LinkedIn Ultimate Tips Guide

Quick Glossary

  • Profile – the LinkedIn page describing you. The Public version is seen by anyone not signed in to LinkedIn and can be found by search engines.
  • Relationship – “1st degree” users are LinkedIn users that you connect with directly. “2nd degree” connections are those that require you to go through one middle man connection to reach. “3rd degree” means two middle man connections are needed to contact the LinkedIn user.
  • Connection – a 1st degree LinkedIn user in your network.
  • Inside connection – a connection employed at a company you're targeting.
  • Introductions – a way to contact 2nd or 3rd degree connections via middle man connections.
  • Recommendations – positive feedback about you from another LinkedIn connection.
  • InMails – LinkedIn's internal emails. Must be a premium member or pay US$10 per InMail.
  • OpenLink Network – an exclusive network for premium members only. However, premium members can opt to allow any LinkedIn user to send them an OpenLink message which is like a free InMail.

Make the right choices first

  • Join LinkedIn. 17 million and counting, there's still room for more.
  • Only join LinkedIn once. Having multiple accounts will only dilute the usefulness of each individual profile, and LinkedIn Customer Support cannot merge accounts for you.
  • Update your account with all your email addresses that people might use for LinkedIn invitations.
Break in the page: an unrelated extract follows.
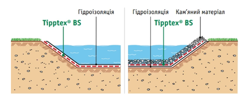 5. При організації штучних водойм та гідроспоруд різного призначення, занурених у землю резервуарів для зберігання побутового, промислового або іншого сміття теж рекомендується укладати геотканину. Вона мінімізує тертя між гідроізоляційним шаром та підсипним матеріалом, що суттєво продовжує термін служби загальної конструкції. Тут важливо правильно вибрати матеріал за показником граничної міцності, так як навантаження на нього буде серйозним.

This will help you avoid creating multiple accounts by accident.
  • Consider upgrading to a premium account with features such as enhanced search results containing relevant LinkedIn users that aren't yet connections of yours. You can then contact them with InMails which have a much higher rate of being opened that regular email.
  • Subscribe to the LinkedIn blog to find out about new features.
  • Cancel your account if you decide to stop using LinkedIn by emailing Customer Service. Don't leave expired information to be found by people researching you.

Develop a LinkedIn strategy

You need to cover 3 fundamentals:

  1. Make your profile the best sales document for you so that you can…
  2. Get a maximum number of recommendations to build your stature, which will help…
  3. Grow your LinkedIn network to increase the chance that your profile will be seen by the right person to hire you.
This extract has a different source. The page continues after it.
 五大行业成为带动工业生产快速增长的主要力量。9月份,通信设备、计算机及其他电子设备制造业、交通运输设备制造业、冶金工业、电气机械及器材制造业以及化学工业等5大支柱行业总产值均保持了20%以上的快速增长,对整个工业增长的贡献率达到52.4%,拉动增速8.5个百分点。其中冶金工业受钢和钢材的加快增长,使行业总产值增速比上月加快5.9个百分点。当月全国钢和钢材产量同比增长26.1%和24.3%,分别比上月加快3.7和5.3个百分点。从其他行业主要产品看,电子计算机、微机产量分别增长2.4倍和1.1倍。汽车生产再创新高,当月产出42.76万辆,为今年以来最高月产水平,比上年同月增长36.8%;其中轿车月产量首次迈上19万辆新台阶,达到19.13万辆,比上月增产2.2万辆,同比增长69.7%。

Supercharge your LinkedIn profile

  • The LinkedIn Profile is your online resume or CV. Apply great resume tips, avoid any typical or unusual resume mistakes.
  • LinkedIn gives you a lot of control over what appears in your profile and your public profile. The public profile should only display positive elements that are pertinent to your current work search.
  • Attract hiring managers or clients via your public profile by only including hard-hitting information such as stellar recommendations from past hiring managers or clients.
  • All texts should be well-written, but by YOU, written in your voice.
  • Write memorable Summary text, it's your LinkedIn elevator pitch.
  • Although your profile is promoting you, avoid using annoying sales text (“Act now!”) that you wouldn't have on your resume.
  • Display an effective photo on your profile that best conveys the impression you want to leave with the viewer. People remember faces.
  • Hide irrelevant connections from your public profile. Typically this means non-work-related friends and family.
  • Create a LinkedIn “vanity url” using a format that's easy to guess and remember: www.linkedin.com/in/firstnamelastname
  • Publicize your LinkedIn vanity url in your email signature, on business cards and wherever it may be seen by someone who would want your resume.
  • Use a LinkedIn-generated email signature to promote your public profile. It will also help grow your network of connections from your email recipients.
  • Promote your profile on your blog, other websites and forum signatures with official LinkedIn buttons.
  • Update your profile regularly. The easiest way to do this is by constantly adding connections. Every change highlights your profile on connections' Network Updates pages, giving you more exposure.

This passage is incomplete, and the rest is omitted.